二代目瀬川菊之丞

ある時、宿で火事があり、周りの者が初代菊之丞に早く立ち退くよう勧めたが、菊之丞は化粧部屋に入り、入念に化粧をして静かに立ち退いた。

「たとえ焼け死んでも、見苦しいのは芸道の恥也」と考えていた。

女の美しさに固執し、どうしたら女として美しく見えるか、そればかりを考えていた。美しくないのなら、死んでも良いとの覚悟で、普段の生活も女で通した。こうして全ての女形の役柄を熟知して、瀬川菊之丞という、大名跡になった。

そんな名家の二代目である。生まれながら浜村屋の跡継ぎであり、この世のものとは思われない美しい顔、生まれながらの芸の才能、怖いものなしだった。二代目菊之丞は寛保元年(1741年)に江戸郊外、王子村の豪農、清水半六の子、徳次として生まれ、五歳の時に、江戸堺町の初代瀬川菊之丞の養子となり、瀬川吉次と名乗った。

十歳で父、初代瀬川菊之丞を失うが、女形の叔父、瀬川菊次郎、その妻おまつの薫陶を受け成長した。宝暦六年(1756年)、十一月、市村座の顔見世『帰花金王桜』の劇中『百千鳥娘道成寺』を踊って二代目瀬川菊之丞を襲名した。屋号浜村屋、俳名路考、王子生まれに因んで、“王子路考”と呼ぶ。

菊之丞の養母、おまつの薫陶の仕方は独特だった。

おまつは菊之丞に、

“本当の役者はね、台詞回しがうまいとか、所作が良いとか、そんなもンじゃないンだよ。芸? そんなもんは後からついてくる。そうじゃなくて、お前が舞台に立つと、その舞台が輝きを増す、ご見物はもううっとりとして、天にも上った心持ちになる。そしてこの世のことを忘れる。ご見物の神様になる。それができるのが本当の役者なンだよ”

と言った。

岩井半四郎の娘、おまつは、芝居、役者のことを悉く知っていた。おまつは、菊之丞を膝下におき、江戸の役者としての菊之丞の生活を律した。その養母のおまつが、二代目菊之丞に“うっとり”としていたのである。

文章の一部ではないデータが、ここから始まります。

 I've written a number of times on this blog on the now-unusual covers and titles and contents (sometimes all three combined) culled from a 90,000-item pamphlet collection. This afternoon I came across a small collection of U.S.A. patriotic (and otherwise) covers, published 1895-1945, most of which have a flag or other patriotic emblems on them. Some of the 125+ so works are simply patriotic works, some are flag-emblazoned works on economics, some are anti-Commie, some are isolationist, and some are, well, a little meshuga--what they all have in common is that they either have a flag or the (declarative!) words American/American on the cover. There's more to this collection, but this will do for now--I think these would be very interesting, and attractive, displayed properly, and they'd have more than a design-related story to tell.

襲名以来、二代目菊之丞の人気はうなぎのぼりだった。生粋の江戸育ち、感能的な美しさ、江戸根生いの女形、江戸の町人の自慢だった。

“女が美しいのは京都”と江戸の人々、誰もが思っていたのを覆した。芝居のご見物は菊之丞を見ることが目的であった。だから何を演じても当たった。江戸の人々は朝一番から芝居に押し寄せた。「一世を風靡する」という言葉通りで、人気に従って、給金も高騰した。中村座、市村座、森田座、三座の座元は菊之丞を取り込むことに心を砕いた。

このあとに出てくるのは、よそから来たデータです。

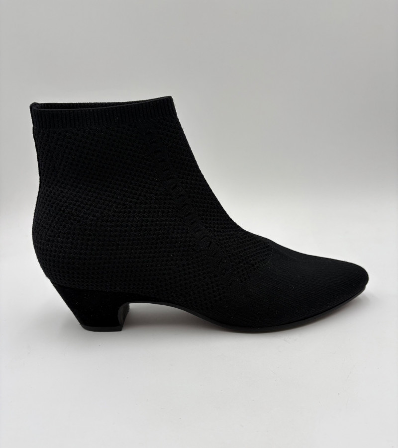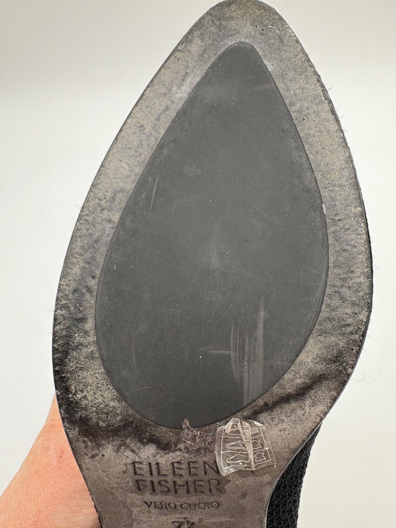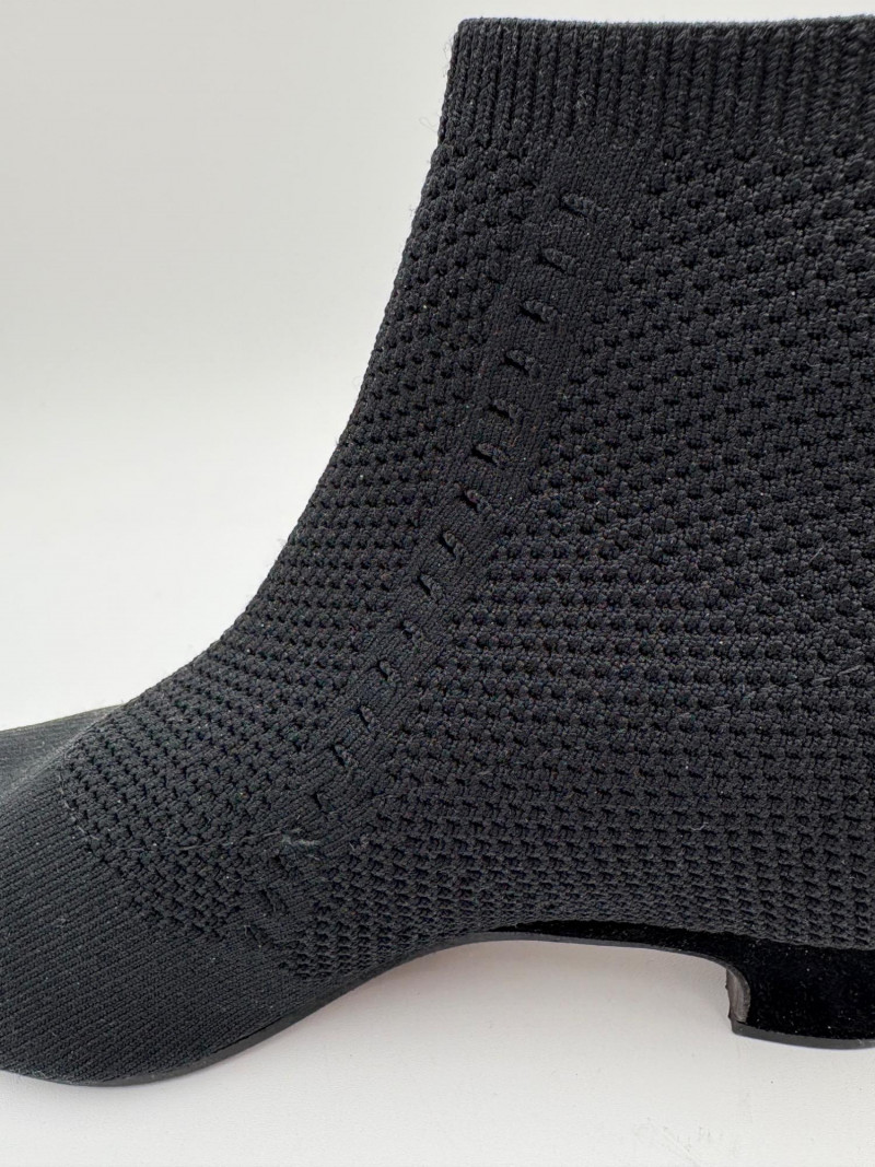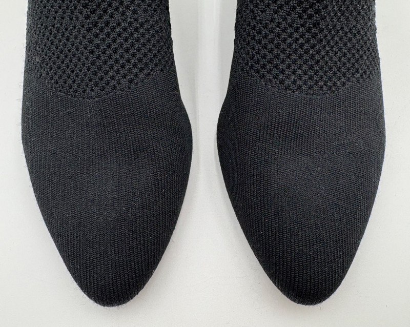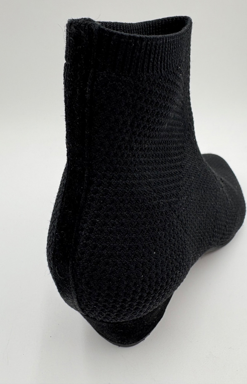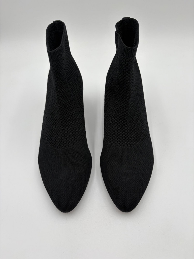 Understated black stretch fabric ankle boots from Eileen Fisher. Semi-pointed toe, solid fabric through the toe box, and knit weave on the remainder of the upper. Black suede-covered 1.75" heel with suede strip up the back of the foot. In terrific condition. Leather sole with non-slip insert. Size 7.5

生活も奔放であった。家は三か所に在り、妻に妾が二人、それぞれの家に使用人が十人以上、それに、番頭権兵衛夫婦、床山、衣装など、五十人以上を一人で養っていた。

「なあぁ、若!」

ある時、菊之丞は松七郎に言った。

「駿河町の越後屋の身代は、丁稚までが、それぞれに儲けて出す大身代だろ。俺ンとこは、俺一人の稼ぎで、五十人以上の暮らしだ!」

と言って生活に贅沢を極めた。

「それじゃ兄さん、油見世は私に任せてくれますか?」

松七郎は、喜七が羽左衛門に言った言葉を真似た。